Pode ainda incluir-se nestas histórias Carlos Lopes, que venceu a Maratona dos Jogos Olímpicos de Los Angeles em 1984 com 37 anos (o vencedor mais velho de sempre) e com um resultado que foi record olímpico até aos Jogos Olímpicos de Pequim em 2008. Este feito ganha ainda mais relevo visto que Carlos Lopes foi atropelado, embora sem gravidade, 16 dias antes da prova.

De referir que a nível nacional, as grandes figuras da modalidade são também as grandes figuras do Desporto Nacional, os dois primeiros atletas a ganharem medalhas de Ouro nos

52 Jogos Olímpicos, Carlos Lopes e Rosa Mota. Rosa Mota foi mesmo considerada em 2012 a melhor maratonista de todos os tempos pela IAAF.

Compreende-se assim o facto de ser visto como um grande feito terminar uma Maratona, é algo que nos aproxima um pouco mais dos heróis, dos Deuses. E percebe-se também o facto de a Maratona ser uma prova diferente de todas as provas de corrida, facto que pode ser aproveitado ao nível da comunicação.
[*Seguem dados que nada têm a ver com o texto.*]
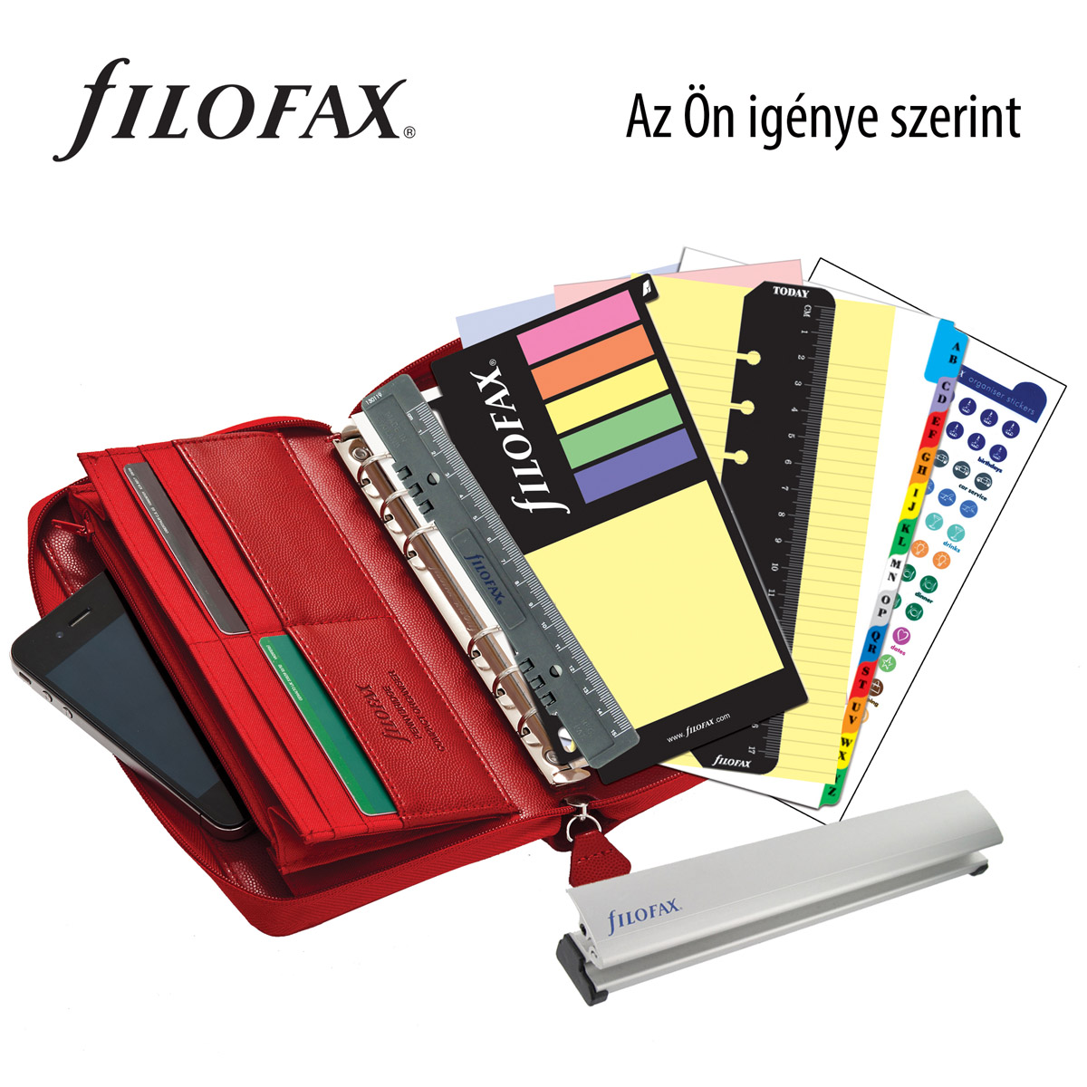 - A Filofax Regiszterek, elválasztó lapok segítségével a jegyzetlapokat témánként is rendezheti. Kérjük, tekintse meg a Filofax Pótlapok menüpontot!

Enquanto todas as outras provas de atletismo têm um nome relacionado com a distância ou com a forma de corrida, a Maratona é simplesmente a Maratona. E mesmo provas de distâncias mais curtas tendem a apoderar-se do nome Maratona, como as Minis e Meias- Maratonas. Verifica-se que até fora do sector desportivo é normal existir uma associação à Maratona, como as Maratonas de Filmes, Maratonas da Publicidade, etc.

Para além de todos estes dados apresentados, verifica-se que a Maratona tem um espaço especial guardado em outras áreas de actividade, como nas artes. Só assim se percebe como um jovem músico português, David Santos (nome artístico: Noiserv) tenha lançado em 2013 uma música denominada “It's easy to be a marathoner even if you are a carpenter” que é dedicada ao maratonista português Francisco Lázaro.